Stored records
>>>>>
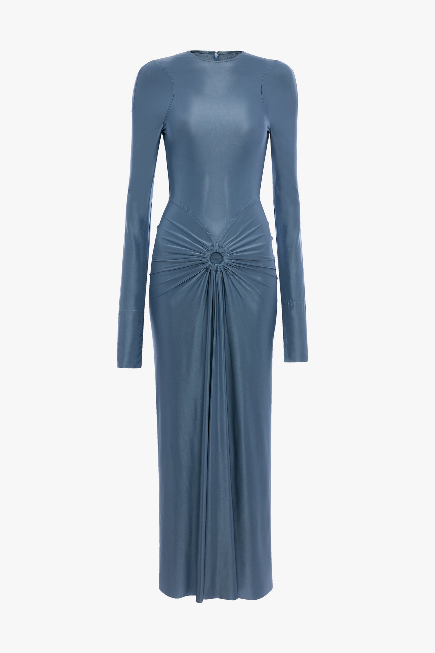 The body-sculpting stretch jersey of the Frances Midi Dress creates a figure-flattering silhouette. A circular gathered detail at the waist adds texture and visual interest, while long sleeves with split cuffs add a discreet design detail.
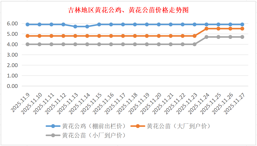 吉林地区黄花公鸡价格走势图(来源:鸡病专业网)
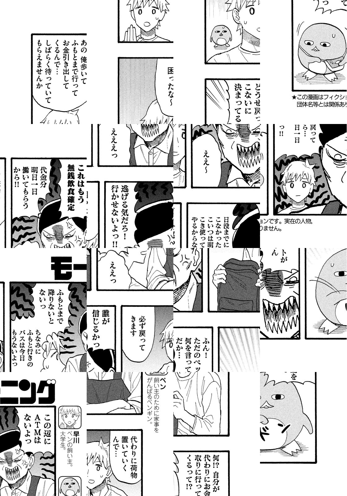 飼い主のため、かいがいしく家事をするペンギン(?)のペン。料理・洗濯・掃除など、かなりのクオリティでこなしてくれる。でもペンの想いはなかなか飼い主に伝わらない。家事をがんばってもがんばっても、なぜかすれ違い続けてしまう。それでも、いつか想いが報われることを夢見ながら、ペンは家事をし続ける。そう、ペットがただ飼われる時代はもう終わったのだ。一家に一ペンの時代、到来中‼
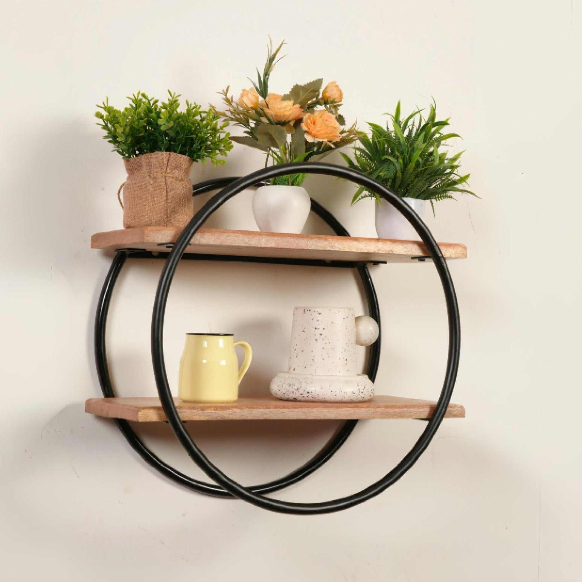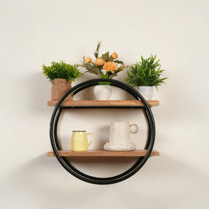 Bring harmony and warmth into your space with the Natural Aura Display Rack by Ikari Homes. Thoughtfully crafted with earthy tones and an airy design, this 2-tier circular wall-mounted rack combines bohemian charm with functional storage.
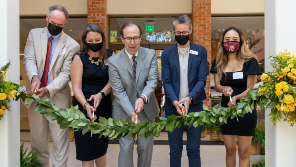 The first photo features (left to right) Trinity Trustee Herb Stumberg '81, Jackie Moczygemba of the Ewing Halsell Foundation, Trinity President Danny Anderson, Trinity Vice President of Academic Affairs Megan Mustain, and Trinity student Maria Arteaga '22 officially reopening the Halsell Center with a ribbon cutting.
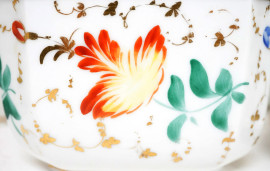 Servizio da tè in porcellana decorata in oro e motivi floreali, composto da una teiera, una lattiera, una zuccheriera, sei tazze e sei piattini, Francia, sec. XIX-XX. (Difetti)
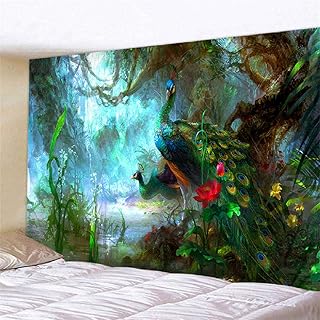 Pfau Wandbehang Wandteppich Wald Märchen Psychedelic Bohemian Hippie Wandteppiche Wandteppich Abstrakte Kunst Decke Schlafzimmer Dekor-200X150cm
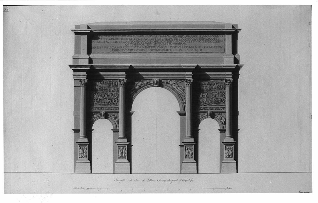Prospetto dell'Arco di Settimio Severo, a tre fornici, a china, bistro su fondo chiaro, entro linea di margine a china. I due archi laterali, terminanti all'altezza dell'imposta dell'arco centrale, sono sormontati da due bassorilievi rappresentanti scene di guerra. I pilastri portanti sono articolati da quattro colonne corinzie sostenute da quattro stilobati incisi. Sull'architrave liscia è posta una tabula con iscrizione incisa.
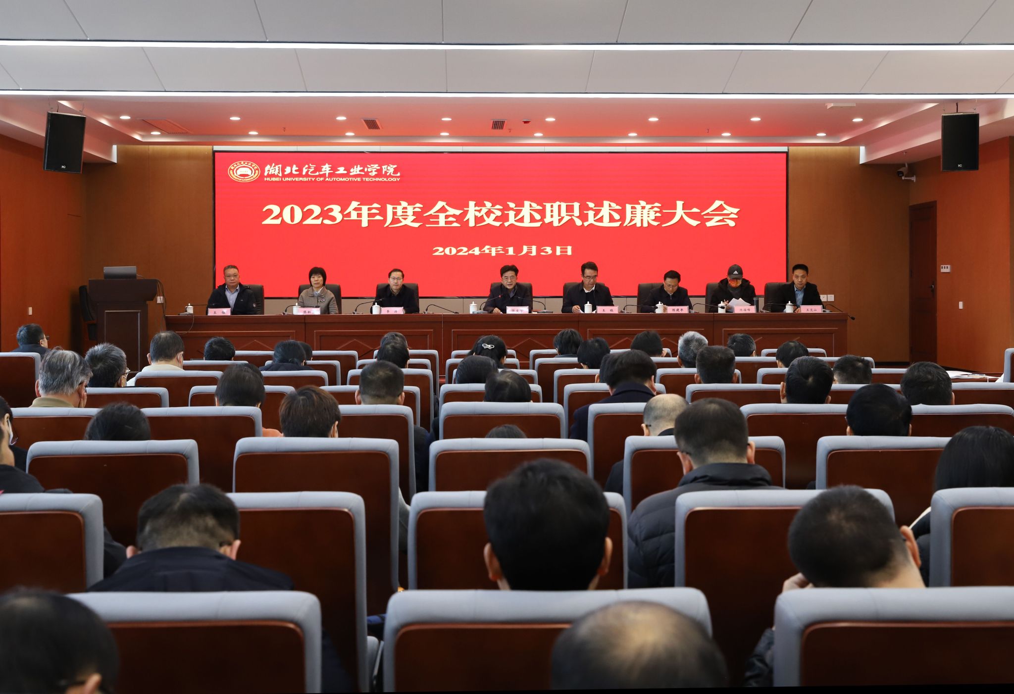 本网讯(文/图 邓玉洁)1月3日上午,2023年度全校述职述廉大会暨二级党组织书记抓党建述职评议会在产教大楼三楼报告厅举行。全体在家校领导、中层干部、“两代表一委员”、民主党派负责人、工会委员会委员代表、教师代表齐聚一堂,总结交流2023年工作。会议由党委副书记李涛主持。
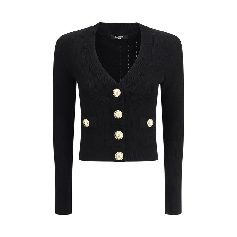 Cardigan by Balmain, cropped design, v-neck on front, closure by embossed buttons, close fit, monochrome pattern.
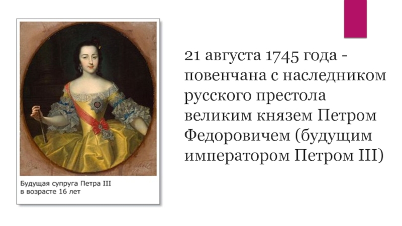 21 августа 1745 года - повенчана с наследником русского престола великим князем Петром Федоровичем (будущим императором Петром
<<<<<
### Task details:
Starting at the line with "Servizio da tè" in the entries above, write out every line exactly until the line with "Pfau Wandbehang Wandteppich" has been written. Include no pictures and nothing more.

### Expected answer:
 Servizio da tè in porcellana decorata in oro e motivi floreali, composto da una teiera, una lattiera, una zuccheriera, sei tazze e sei piattini, Francia, sec. XIX-XX. (Difetti)
 Pfau Wandbehang Wandteppich Wald Märchen Psychedelic Bohemian Hippie Wandteppiche Wandteppich Abstrakte Kunst Decke Schlafzimmer Dekor-200X150cm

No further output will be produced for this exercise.